*** Recorded data Section Begins ***

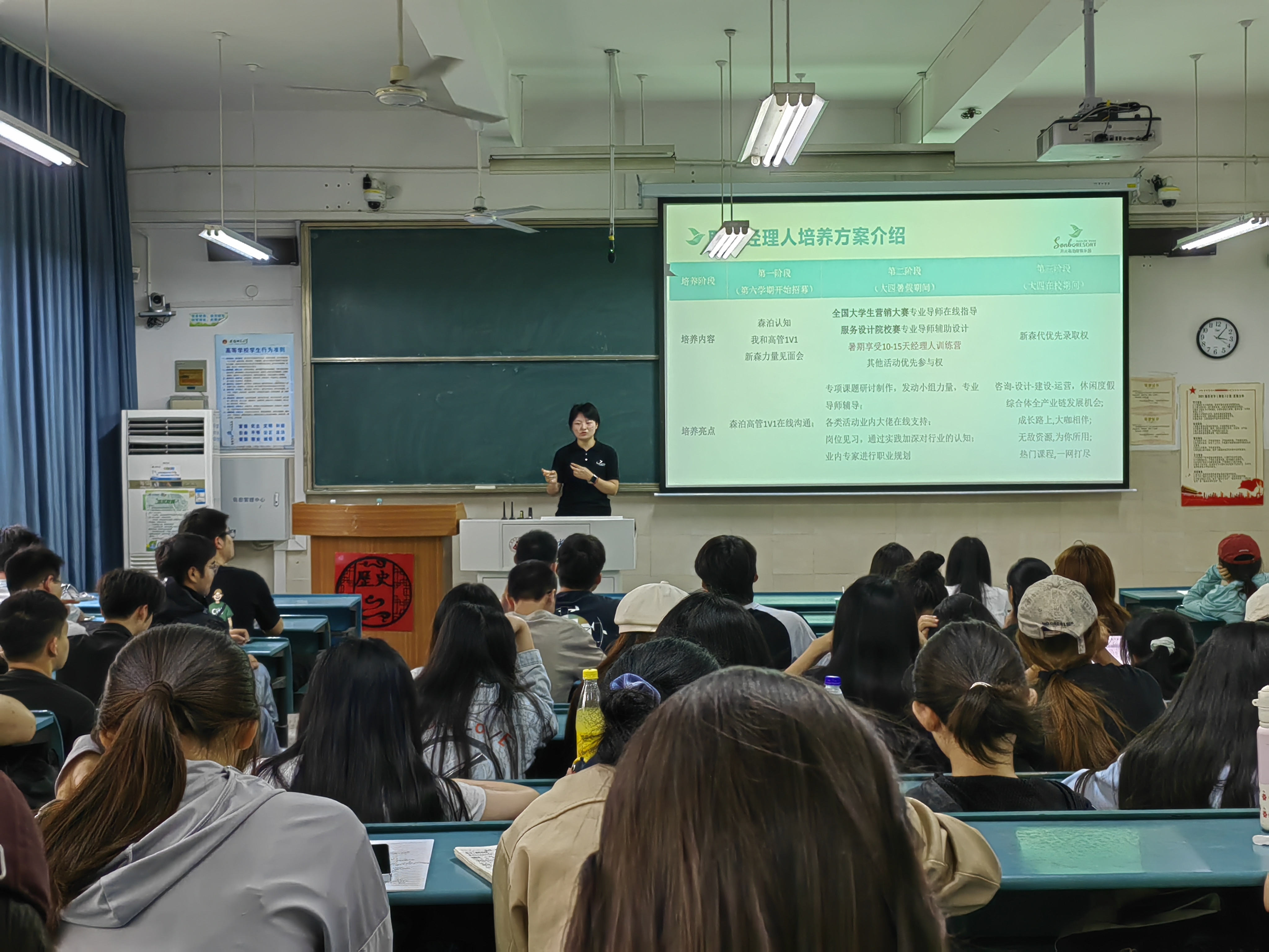 宣讲会上,吴燕就开元森泊“职业经理人培育计划”向同学们重点解读了培养方案内容、人才培养体系、职业发展路径。她表示,职业经理人培育计划重点面向全国优质高校旅游管理专业、对行业有热情并且愿意长期从事行业工作的在校本科生进行招募宣讲,在校前置培养,降低试错风险,毕业即可入职,培养过程中森泊高管“一对一”全过程亲自指导、全时段在线沟通、全领域跟岗培训,个性化定制专项培育课题和“新森代”1-2-3专属培养路径,完美融合森泊三级人才储备体系,联动多校多园,成长路上、大咖相伴,无敌资源、为你所用,热门课程、一网打尽,通过2+N导师制对高质量本科学校毕业生进行行业认知及职业发展认知培养,深化校企合作,助力同学们迈好从校园到社会求职就业、角色转换的第一步。
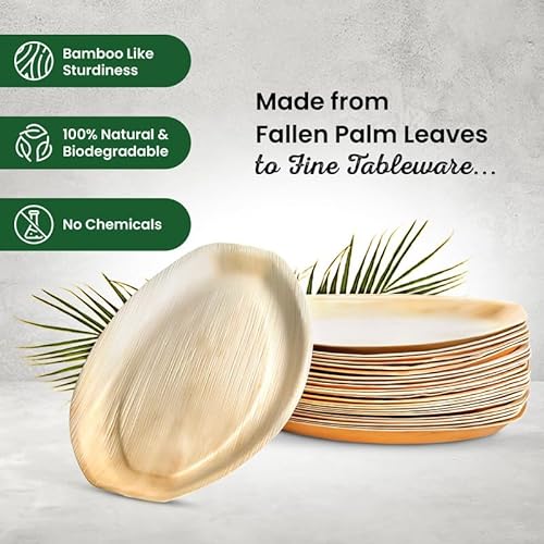- STRONG & STURDY – Palm Leaf plates are much sturdier than paper plates, and does not bend with hot food or liquid.
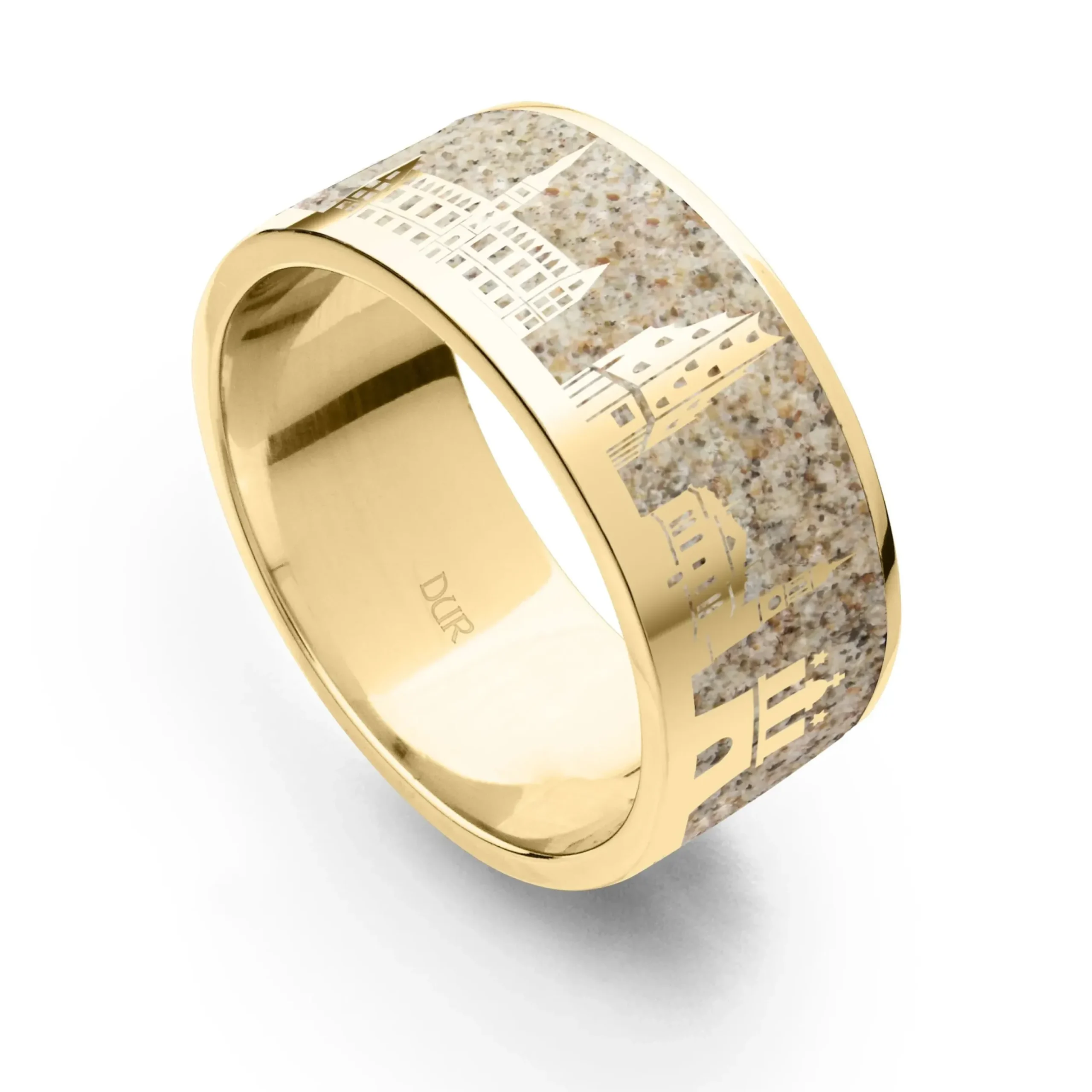 Strandsandring „Hamburg“ mit den Motiven Segler, Möwe, Hafenkräne, Rathaus, Elbphilharmonie, Michel, Hammaburg, Schiff, eingebettet in Strandsand und gefasst in vergoldetem 925er Sterling-Silber.
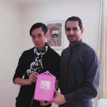 陈星州(左)与迪拜王子Badir Almusharrekh(右)合影。 |
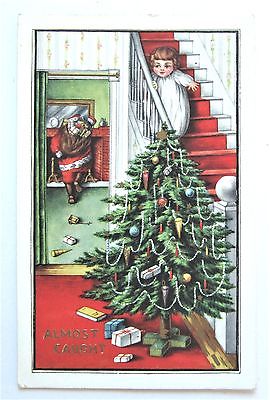 SANTA CLAUS Almost Caught Little CHILD on the Stairs Embossed CHRISTMAS Postcard
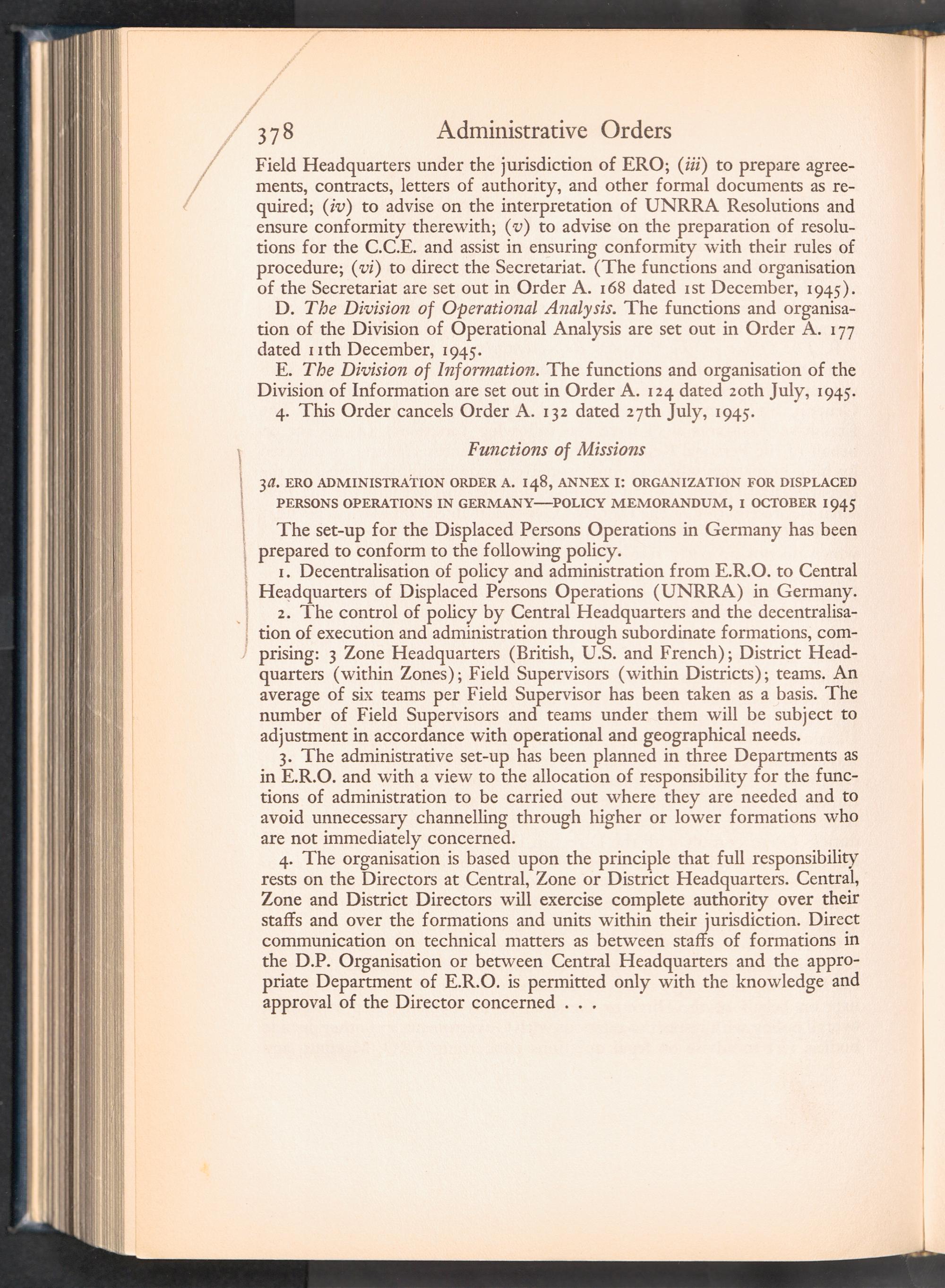 UNRRA Vol. III. UNRRA Appendices Appendix Nine: Administrative Orders, etc.
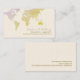 Moderne und berufliche cremefarbene Visitenkarte mit Namen (Manuskript-Schriftart-Stil) und individueller reisebezogener Beruf (Reise-Agent) und das Bild einer gelblichen Weltkarte.. und Vorlagen für Adresse, E-Mail und Telefon auf der Rückseite..
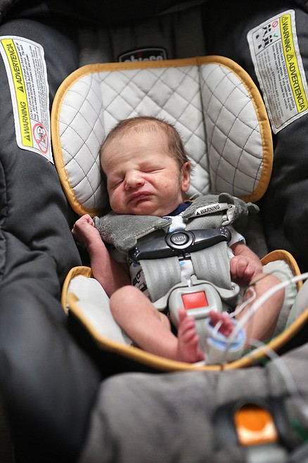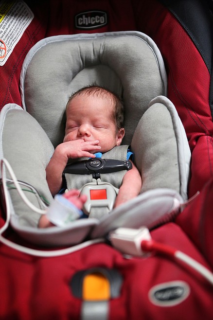 Jedidiah Hall undergoes a carseat test at Kalispell Regional Medical Center’s NICU on Wednesday morning. Hall weighs in at 5 pounds, 12 ounces and was born prematurely at 35 weeks and two days. (Mackenzie Reiss/Daily Inter Lake)

*** Recorded data Section Ends ***

§ What you will do
Where a picture appears in the records above, omit it, and transcribe exactly the stretch of lines from the one with "- STRONG & STURDY" through the one with "Moderne und berufliche".

§ Exercise solution
- STRONG & STURDY – Palm Leaf plates are much sturdier than paper plates, and does not bend with hot food or liquid.
 Strandsandring „Hamburg“ mit den Motiven Segler, Möwe, Hafenkräne, Rathaus, Elbphilharmonie, Michel, Hammaburg, Schiff, eingebettet in Strandsand und gefasst in vergoldetem 925er Sterling-Silber.
 陈星州(左)与迪拜王子Badir Almusharrekh(右)合影。 |
 SANTA CLAUS Almost Caught Little CHILD on the Stairs Embossed CHRISTMAS Postcard
 UNRRA Vol. III. UNRRA Appendices Appendix Nine: Administrative Orders, etc.
 Moderne und berufliche cremefarbene Visitenkarte mit Namen (Manuskript-Schriftart-Stil) und individueller reisebezogener Beruf (Reise-Agent) und das Bild einer gelblichen Weltkarte.. und Vorlagen für Adresse, E-Mail und Telefon auf der Rückseite..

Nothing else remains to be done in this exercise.